Material supplied
[Start of Attachment]

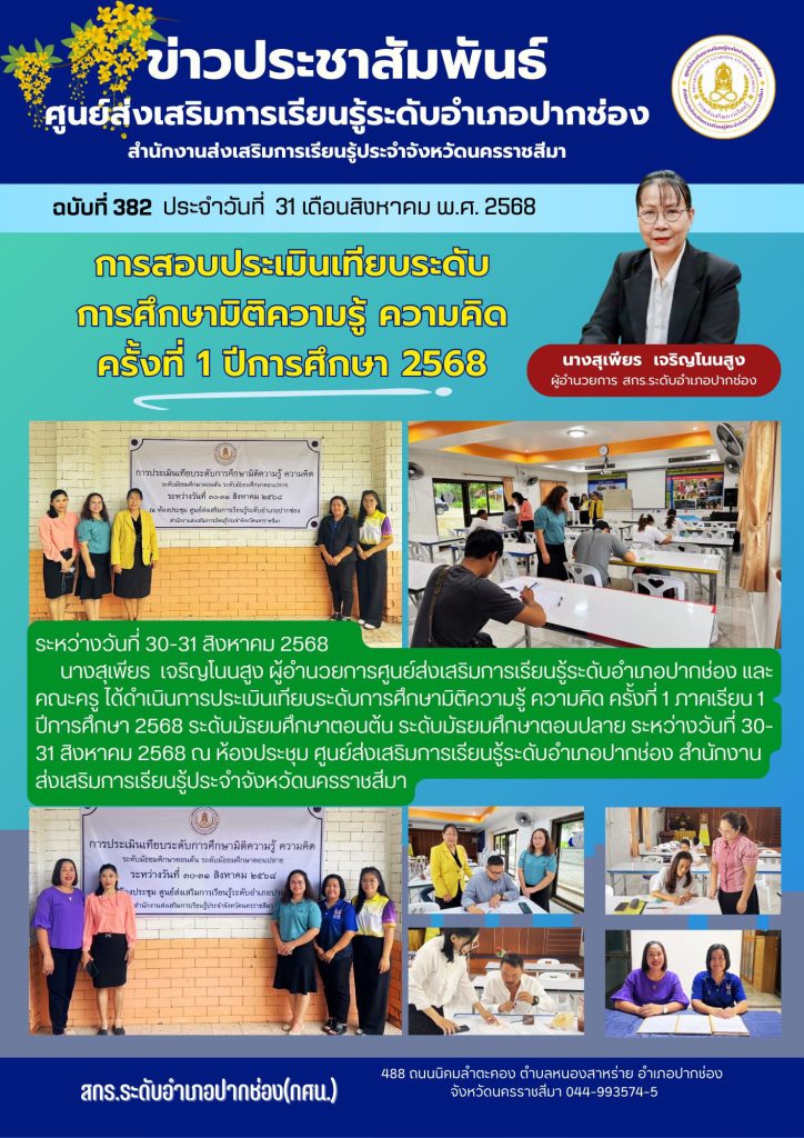 นางสุเพียร เจริญโนนสูง ผู้อำนวยการศูนย์ส่งเสริมการเรียนรู้ระดับอำเภอปากช่อง และคณะครู ได้ดำเนินการประเมินเทียบระดับการศึกษามิติความรู้ ความคิด ครั้งที่ 1 ภาคเรียน 1 ปีการศึกษา 2568 ระดับมัธยมศึกษาตอนต้น ระดับมัธยมศึกษาตอนปลาย ระหว่างวันที่ 30-31 สิงหาคม 2568 ณ ห้องประชุม ศูนย์ส่งเสริมการเรียนรู้ระดับอำเภอปากช่อง สำนักงานส่งเสริมการเรียนรู้ประจำจังหวัดนครราชสีมา
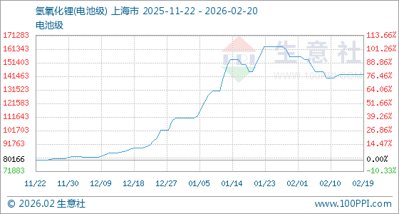 2月20日,生意社氢氧化锂(电池级)基准价为143000.00元/吨,与本月初(156000.00元/吨)相比,下降了8.33%。
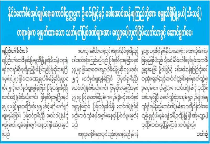 “ဒီမိုကရေစီစနစ်တွင် နိုင်ငံရေးအရ အချင်းချင်းသဘောထားကွဲလွဲမှုများ ရှိနိုင်သော်လည်း အများစု၏ ဆန္ဒသဘောထားကိုလည်း ထည့်သွင်းစဉ်းစား၍ ဆင်ခြင်ဆောက်ရွက်ရန်လိုကြောင်း၊ နိုင်ငံတော်၏ နိုင်ငံရေးလျှောက်လှမ်းမှုတွင် အဆင်ပြေချောမွေ့စေရန်အတွက် မိမိတို့က ဝိုင်းဝန်းဆောင်ရွက်နေခြင်းပင်ဖြစ်ကြောင်း” နိုင်ငံတော်စီမံအုပ်ချုပ်ရေးကောင်စီ ဥက္ကဋ္ဌ၊ နိုင်ငံတော်ဝန်ကြီးချုပ် ဗိုလ်ချုပ်မှူးကြီး မင်းအောင်လှိုင် က ဘာသာပေါင်းစုံ ချစ်ကြည်ညီညွတ်ရေးအဖွဲ့ (ဗဟို)ဥက္ကဋ္ဌနှင့် အလုပ်အမှုဆောင်များအား ဒီဇင်ဘာ ၅ ရက်က တွေ့ဆုံစဉ် ပြောကြားခဲ့သည်။
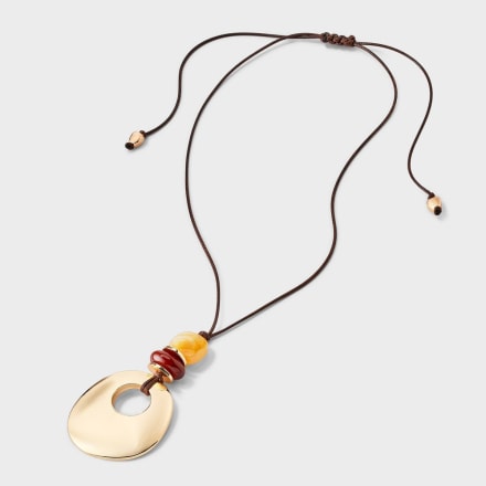 Universal Thread Semi-Precious Quartz Cord Pull Adjustable Pendant Necklace
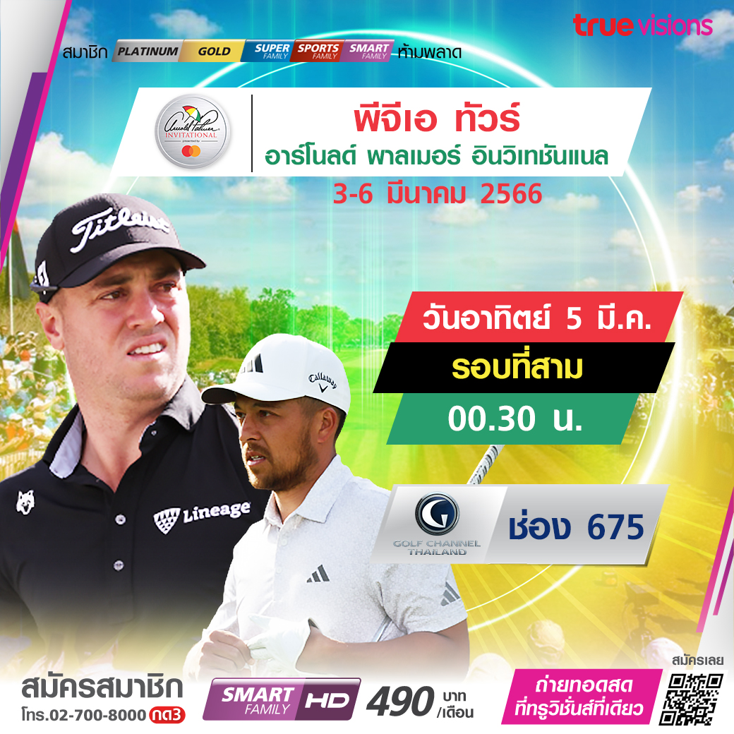 พลาดไม่ได้สำหรับแฟนๆ กีฬากอล์ฟสัปดาห์นี้ กับศึกพีจีเอ ทัวร์ รายการ อาร์โนลด์ พาลเมอร์ อินวิเตชั่นแนล ที่ ออร์ลันโด้ ฟลอริด้า ชิงเงินรางวัลมหาศาลเกือบ 700 ล้านบาท จากสนาม เบย์ฮิลล์ คลับ แอนด์ ลอดจ์ ในรอบที่สาม ชมสดทางทรูวิชั่นส์

[End of Attachment]

Work required
Write out exactly, please, the lines that start at the one containing "2月20日,生意社氢氧化锂(电池级)基准" and run through the final line of the entries, both included, leaving pictures out.

Answer for the task
 2月20日,生意社氢氧化锂(电池级)基准价为143000.00元/吨,与本月初(156000.00元/吨)相比,下降了8.33%。
 “ဒီမိုကရေစီစနစ်တွင် နိုင်ငံရေးအရ အချင်းချင်းသဘောထားကွဲလွဲမှုများ ရှိနိုင်သော်လည်း အများစု၏ ဆန္ဒသဘောထားကိုလည်း ထည့်သွင်းစဉ်းစား၍ ဆင်ခြင်ဆောက်ရွက်ရန်လိုကြောင်း၊ နိုင်ငံတော်၏ နိုင်ငံရေးလျှောက်လှမ်းမှုတွင် အဆင်ပြေချောမွေ့စေရန်အတွက် မိမိတို့က ဝိုင်းဝန်းဆောင်ရွက်နေခြင်းပင်ဖြစ်ကြောင်း” နိုင်ငံတော်စီမံအုပ်ချုပ်ရေးကောင်စီ ဥက္ကဋ္ဌ၊ နိုင်ငံတော်ဝန်ကြီးချုပ် ဗိုလ်ချုပ်မှူးကြီး မင်းအောင်လှိုင် က ဘာသာပေါင်းစုံ ချစ်ကြည်ညီညွတ်ရေးအဖွဲ့ (ဗဟို)ဥက္ကဋ္ဌနှင့် အလုပ်အမှုဆောင်များအား ဒီဇင်ဘာ ၅ ရက်က တွေ့ဆုံစဉ် ပြောကြားခဲ့သည်။
 Universal Thread Semi-Precious Quartz Cord Pull Adjustable Pendant Necklace
 พลาดไม่ได้สำหรับแฟนๆ กีฬากอล์ฟสัปดาห์นี้ กับศึกพีจีเอ ทัวร์ รายการ อาร์โนลด์ พาลเมอร์ อินวิเตชั่นแนล ที่ ออร์ลันโด้ ฟลอริด้า ชิงเงินรางวัลมหาศาลเกือบ 700 ล้านบาท จากสนาม เบย์ฮิลล์ คลับ แอนด์ ลอดจ์ ในรอบที่สาม ชมสดทางทรูวิชั่นส์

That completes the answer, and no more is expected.